[[ Exercise data, beginning ]]
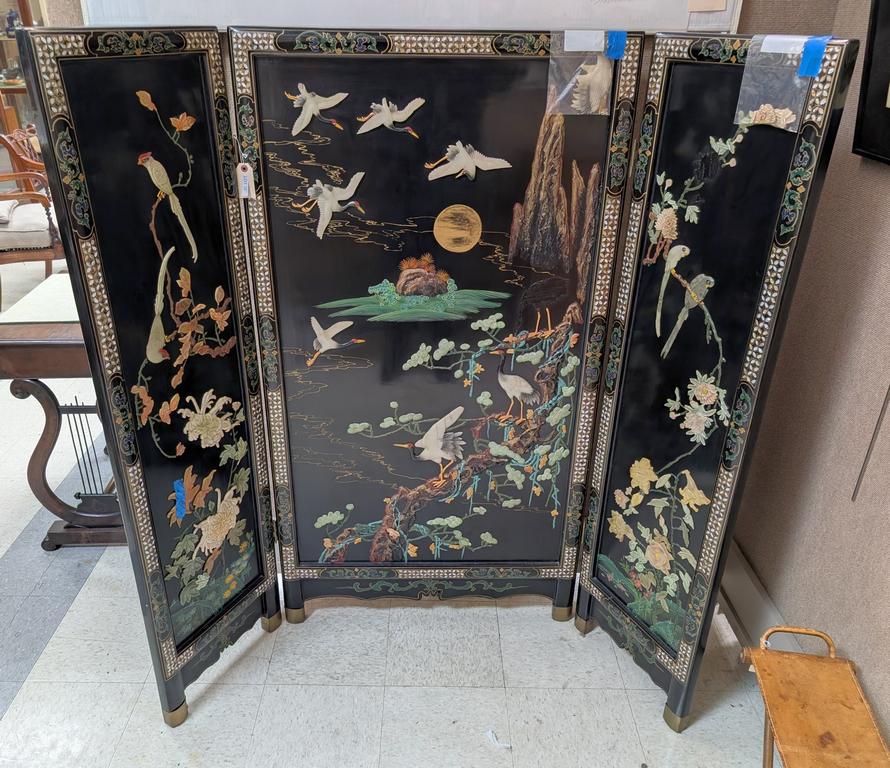 Lot 241: Oriental Black Lacquered 3-Panel Screen
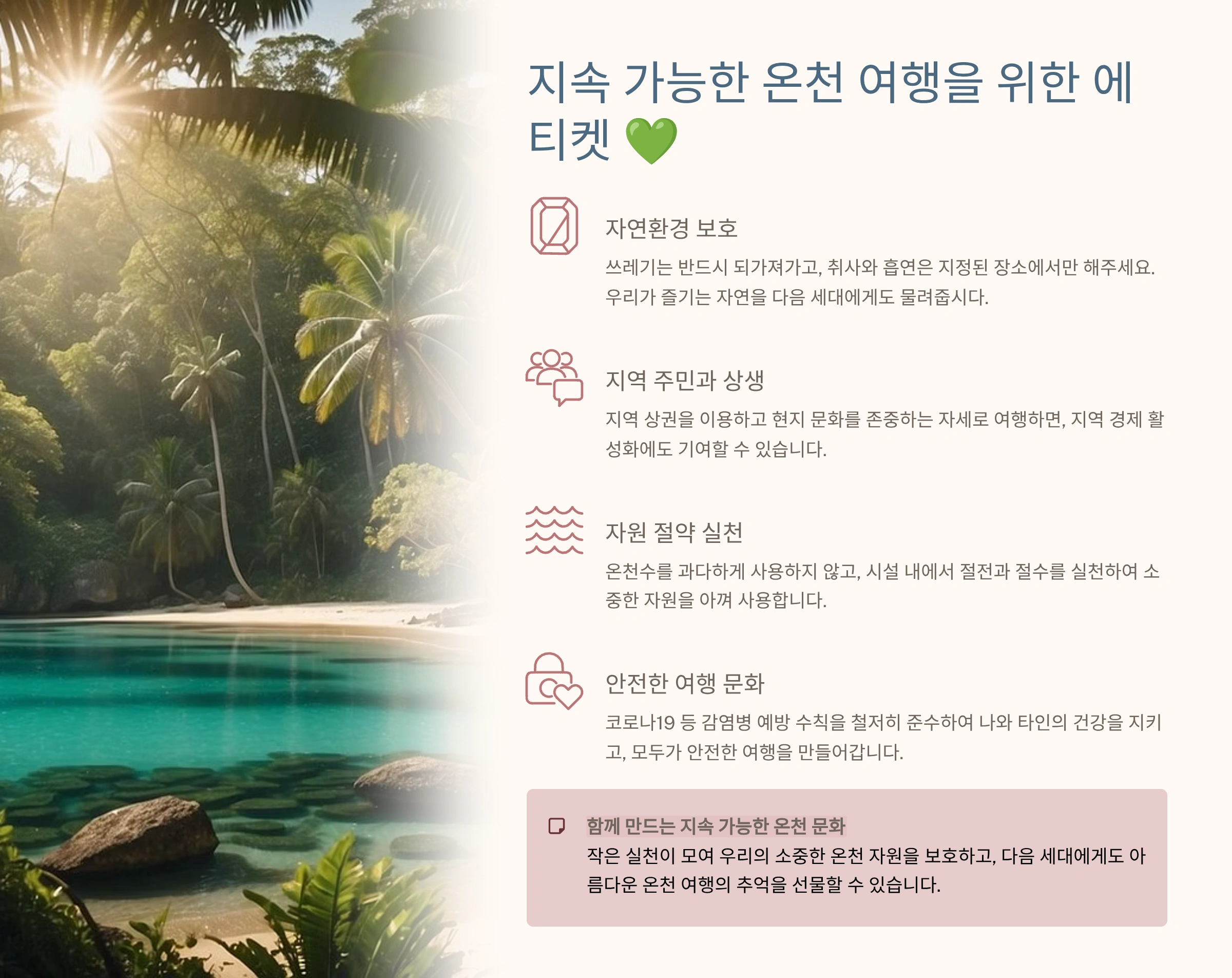 이러한 에티켓을 지키며 온천 여행을 한다면, 우리 모두가 더욱 쾌적하고 의미 있는 경험을 할 수 있을 것이라고 확신합니다. 지속 가능한 온천 여행은 우리 모두의 작은 실천에서 시작됩니다.
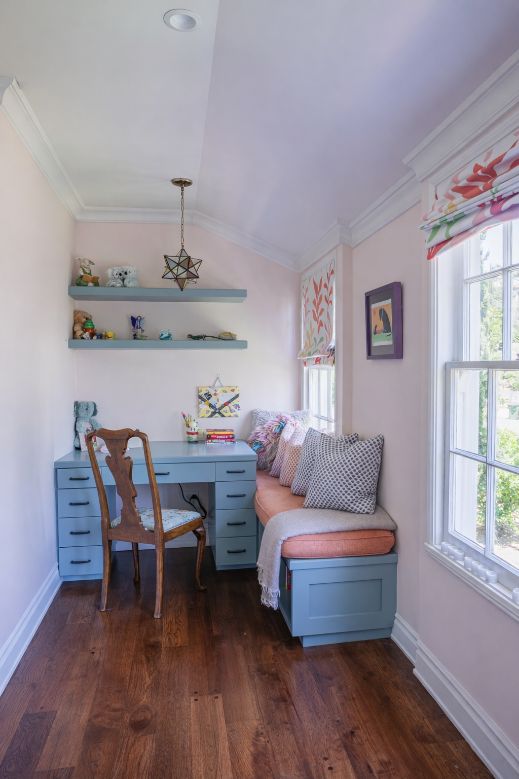 This redesign also created a cozy brand-new bedroom for one of the twins. Now all three children have a space to call their own. This charming room reflects her yearning to curl up and read and showcases her diverse talents and trophies.
[[ Exercise data, end ]]
From start to finish, output the listing exactly, but omit its pictures.

 Lot 241: Oriental Black Lacquered 3-Panel Screen
 이러한 에티켓을 지키며 온천 여행을 한다면, 우리 모두가 더욱 쾌적하고 의미 있는 경험을 할 수 있을 것이라고 확신합니다. 지속 가능한 온천 여행은 우리 모두의 작은 실천에서 시작됩니다.
 This redesign also created a cozy brand-new bedroom for one of the twins. Now all three children have a space to call their own. This charming room reflects her yearning to curl up and read and showcases her diverse talents and trophies.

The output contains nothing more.